Menteri Dalam Negeri Jerman, Alexander Dobrindt dari partai CSU, mengkonfirmasi bahwa pesawat berangkat dari Bandara Leipzig. Namun, langkah ini menuai kritik tajam dari berbagai kalangan. Organisasi hak asasi manusia, Amnesty International, menyebutkan bahwa kondisi di Afghanistan sangat buruk. Mereka melaporkan adanya "eksekusi di luar pengadilan, orang hilang, dan penyiksaan" yang terjadi di negara tersebut.
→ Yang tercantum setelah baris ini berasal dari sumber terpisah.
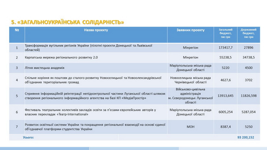 Повний перелік проектів-переможців другого конкурсного відбору:

Julia Duchrow, Sekretaris Jenderal Amnesty di Jerman, menegaskan bahwa "tidak ada yang pantas mendapatkan perlakuan semacam itu, bahkan para pelanggar hukum sekalipun. Hak asasi manusia berlaku untuk semua orang atau tidak sama sekali."
Meskipun kritik tersebut, Dobrindt membela keputusan untuk melakukan deportasi. Ia menyatakan bahwa penerbangan ini merupakan bagian dari perubahan kebijakan pemerintah. "Deportasi ke Afghanistan harus dapat berlangsung dengan aman di masa depan. Tidak ada hak tinggal bagi pelanggar hukum berat di negara kita," tambahnya.
Keputusan ini menunjukkan tantangan yang dihadapi oleh pemerintah dalam mengatur imigrasi dan melindungi hak asasi manusia. Di satu sisi, ada kebutuhan untuk menegakkan hukum, tetapi di sisi lain, ada tanggung jawab untuk melindungi individu dari bahaya. Kondisi yang rumit ini membuat banyak orang bertanya-tanya tentang masa depan kebijakan imigrasi Jerman dan bagaimana negara tersebut akan menghadapi masalah hak asasi manusia di negara-negara yang sedang berkonflik.
Dengan langkah ini, Jerman menunjukkan bahwa mereka berkomitmen untuk menegakkan hukum, tetapi juga harus mempertimbangkan dampak dari tindakan mereka terhadap individu dan situasi di negara asal mereka.